Porque eu tenho certeza, o Moro tem certeza [de sua inocência]. Se as pessoas não confessarem agora, no dia da extrema-unção vão confessar. Ele tem certeza que eu sou inocente. Esse Dallagnol tem certeza de que ele é mentiroso. E mentiu a meu respeito. Então eu tô aqui, meu caro, para procurar justiça, para provar inocência. Mas estou muito mais preocupado com o que está acontecendo com o povo brasileiro. Porque eu posso brigar e o povo nem sempre pode.

O senhor, durante esse um ano, passou por dois momentos de muita tristeza, que foi a morte do seu irmão e depois a morte do seu neto Artur. O que, para o senhor, depois de viver isso, fica da vida?

Esses dois momentos foram os mais graves. Eu poderia incluir a perda de um companheiro como o [ex-deputado] Sigmaringa Seixas, que era meu companheiro de dezenas e dezenas de anos. A morte do meu irmão Vavá... O Vavá era como se fosse um pai da família toda. E a morte do meu neto é uma coisa que efetivamente não, não... [chora].

Eu às vezes penso que seria tão mais fácil que eu tivesse morrido. Eu já vivi 73 anos, poderia morrer e deixar o meu neto viver. Mas não são apenas esses momentos que deixam a gente triste.

Eu tento ser alegre e trabalhar muito a questão do ódio. Eu trabalho muito para vencer a questão do ódio. A questão da mágoa profunda.

Quando eu vejo essa gente que me condenou na televisão, sabendo que são mentirosos, sabendo que forjaram uma história... Aquela história do power point do Dallagnol, nem o bisneto dele vai acreditar naquilo. Nesse messianismo ignorante.

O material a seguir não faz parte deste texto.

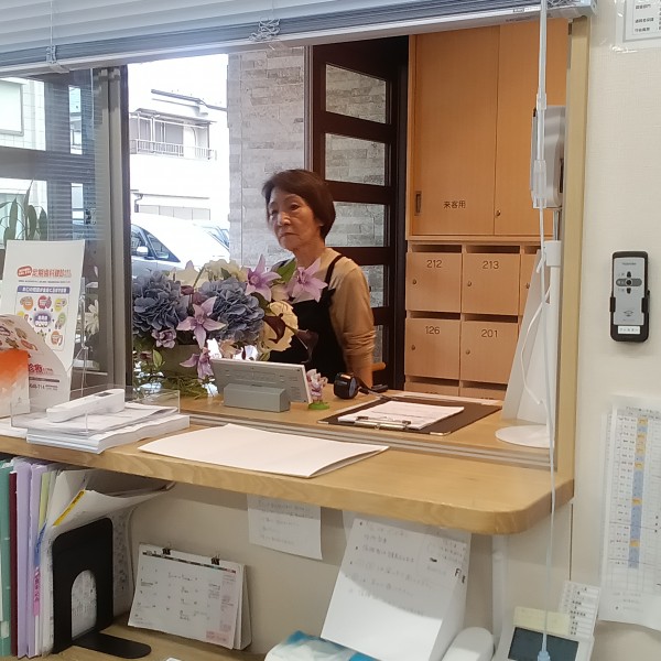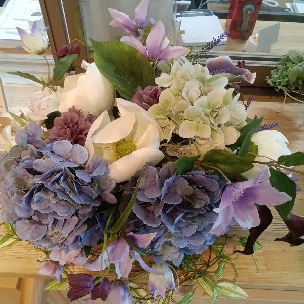 アミカ小平あじさい公園の受付に置いてあるこのお花 実はフラワーアレンジメントの先生をやっていたご利用者様が作ってくださいました。

Então eu tenho muitos momentos de tristeza aqui. Mas o que me mantém vivo, e é isso o que eles têm que saber, eu tenho compromisso com esse país.

Eu tenho compromisso com esse povo. E eu estou vendo a obsessão que está acontecendo agora. De destruir a soberania nacional. De destruir empregos. De juntar R$ 1 trilhão, para que? Às custas dos aposentados?

Se eles lessem alguma coisa, se eles conversassem, eles saberiam que esse cidadão aqui, analfabeto, com um curso de torneiro mecânico, juntou R$ 370 bilhões e dólares de reservas, que a R$ 4 o dólar dá mais de R$ 1,2 trilhão, sem causar nenhum prejuízo a nenhum brasileiro.

Então, se eles querem economizar R$ 1 trilhão tem uma fórmula secreta: coloque o povo no orçamento da União. Gere emprego. Gere crédito para as pessoas.

Ah, o povo tá devendo? Tire todo o penduricalho da dívida do povo e ele paga apenas o principal no banco e você vai perceber que as pessoas voltam a comprar. Um país que não gera emprego, não gera salário, não gera consumo, não gera renda, quer pegar do aposentado e do velhinho R$ 1 trilhão? O Guedes precisava criar vergonha.

Onde ele fez esse curso de economia dele? Se ele quiser me visitar aqui, eu discuto com ele esse problema dos pobres sem causar prejuízo aos pobres. Por que ele não mostra os privilegiados [de quem] eles falam que vão acabar com os privilégios? Coloca a lista no jornal de dez privilegiados. Coloca o nome CPF. Não.

É o coitado que vai ter que trabalhar até 65 anos, que vai ter que contribuir 40 anos [para se aposentar]. Ele não percebe que muita gente morre sem chegar a essa idade. Lamento profundamente o desastre que está acontecendo nesse país. E é por isso que eu me mantenho em pé.